WHAT TO WORK ON: One part of the entries below is wanted: the lines from the one containing "遠(yuǎn)眺雍布拉康和門(mén)中崗社區(qū)(無(wú)人機(jī)照片,6月24日攝)。新華社記者 司源 攝" through the one containing "Ai-Da standing outside". Write those out exactly and nothing else.

MATERIAL SUPPLIED:
=== Begin Enclosure ===

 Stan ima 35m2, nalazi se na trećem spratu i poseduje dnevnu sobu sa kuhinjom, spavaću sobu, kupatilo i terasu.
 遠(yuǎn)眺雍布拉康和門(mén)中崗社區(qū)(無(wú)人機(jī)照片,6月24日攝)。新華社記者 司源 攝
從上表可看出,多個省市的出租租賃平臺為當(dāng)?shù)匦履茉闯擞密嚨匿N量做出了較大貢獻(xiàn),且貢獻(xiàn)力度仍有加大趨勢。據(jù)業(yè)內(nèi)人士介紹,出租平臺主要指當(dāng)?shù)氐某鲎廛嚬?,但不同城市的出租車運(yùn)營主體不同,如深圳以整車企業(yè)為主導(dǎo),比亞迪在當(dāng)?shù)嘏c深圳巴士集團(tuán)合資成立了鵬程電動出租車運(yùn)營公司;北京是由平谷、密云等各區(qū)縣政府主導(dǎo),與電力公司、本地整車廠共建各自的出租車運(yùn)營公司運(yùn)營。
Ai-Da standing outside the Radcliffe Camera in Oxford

=== End Enclosure ===
=== Begin Enclosure ===

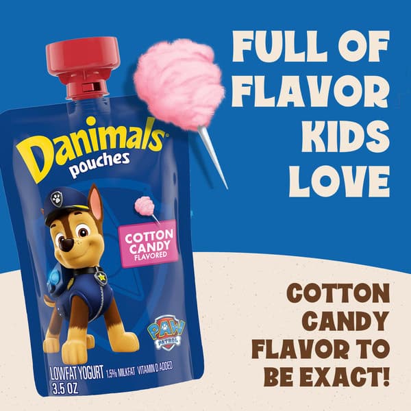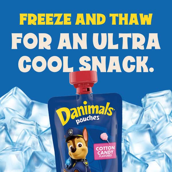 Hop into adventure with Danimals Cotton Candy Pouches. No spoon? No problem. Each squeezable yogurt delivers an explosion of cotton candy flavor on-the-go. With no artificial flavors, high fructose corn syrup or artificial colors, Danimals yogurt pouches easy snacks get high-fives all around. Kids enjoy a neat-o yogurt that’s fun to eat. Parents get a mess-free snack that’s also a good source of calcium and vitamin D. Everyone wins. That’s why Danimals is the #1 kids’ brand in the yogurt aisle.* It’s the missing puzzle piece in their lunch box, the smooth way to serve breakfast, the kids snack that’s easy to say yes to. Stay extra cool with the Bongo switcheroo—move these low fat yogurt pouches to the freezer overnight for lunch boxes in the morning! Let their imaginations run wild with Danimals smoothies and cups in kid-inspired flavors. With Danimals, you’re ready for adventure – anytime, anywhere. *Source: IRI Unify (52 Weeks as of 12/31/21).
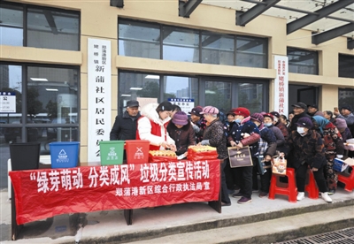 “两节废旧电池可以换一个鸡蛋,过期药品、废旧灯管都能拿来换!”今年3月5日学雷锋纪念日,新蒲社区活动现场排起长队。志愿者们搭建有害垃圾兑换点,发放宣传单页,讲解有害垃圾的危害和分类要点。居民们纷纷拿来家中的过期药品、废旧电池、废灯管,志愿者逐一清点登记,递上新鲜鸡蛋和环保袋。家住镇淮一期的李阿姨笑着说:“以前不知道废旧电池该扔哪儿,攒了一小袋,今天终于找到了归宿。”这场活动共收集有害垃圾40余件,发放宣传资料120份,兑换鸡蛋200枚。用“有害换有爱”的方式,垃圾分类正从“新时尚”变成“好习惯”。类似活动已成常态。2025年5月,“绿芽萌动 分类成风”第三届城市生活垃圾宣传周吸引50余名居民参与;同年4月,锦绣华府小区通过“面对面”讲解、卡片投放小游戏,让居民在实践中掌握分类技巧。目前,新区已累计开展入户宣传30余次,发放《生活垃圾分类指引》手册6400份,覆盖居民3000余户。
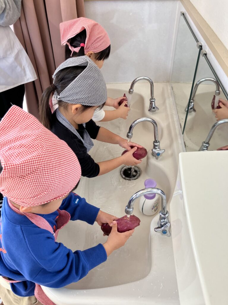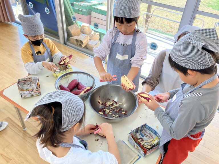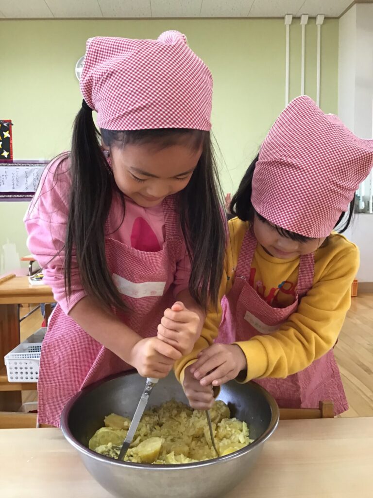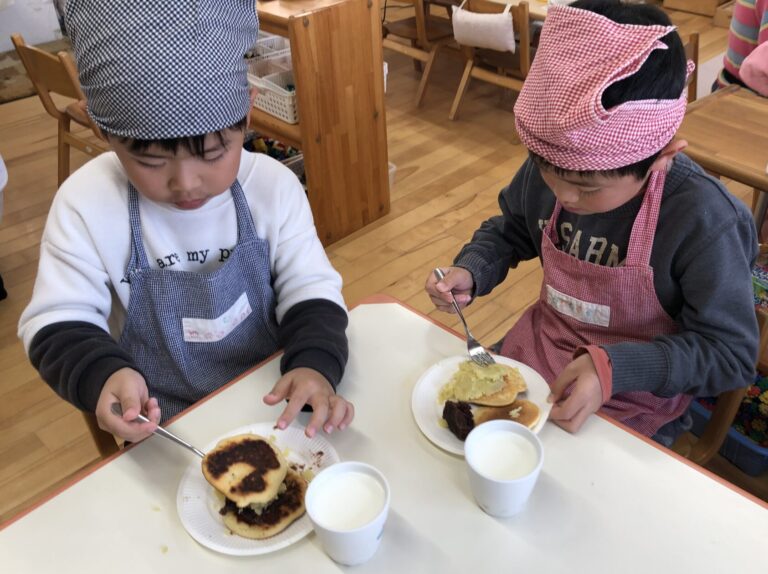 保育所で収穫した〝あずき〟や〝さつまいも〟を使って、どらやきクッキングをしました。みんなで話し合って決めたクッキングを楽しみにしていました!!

=== End Enclosure ===

EXERCISE SOLUTION:
 遠(yuǎn)眺雍布拉康和門(mén)中崗社區(qū)(無(wú)人機(jī)照片,6月24日攝)。新華社記者 司源 攝
從上表可看出,多個省市的出租租賃平臺為當(dāng)?shù)匦履茉闯擞密嚨匿N量做出了較大貢獻(xiàn),且貢獻(xiàn)力度仍有加大趨勢。據(jù)業(yè)內(nèi)人士介紹,出租平臺主要指當(dāng)?shù)氐某鲎廛嚬?,但不同城市的出租車運(yùn)營主體不同,如深圳以整車企業(yè)為主導(dǎo),比亞迪在當(dāng)?shù)嘏c深圳巴士集團(tuán)合資成立了鵬程電動出租車運(yùn)營公司;北京是由平谷、密云等各區(qū)縣政府主導(dǎo),與電力公司、本地整車廠共建各自的出租車運(yùn)營公司運(yùn)營。
Ai-Da standing outside the Radcliffe Camera in Oxford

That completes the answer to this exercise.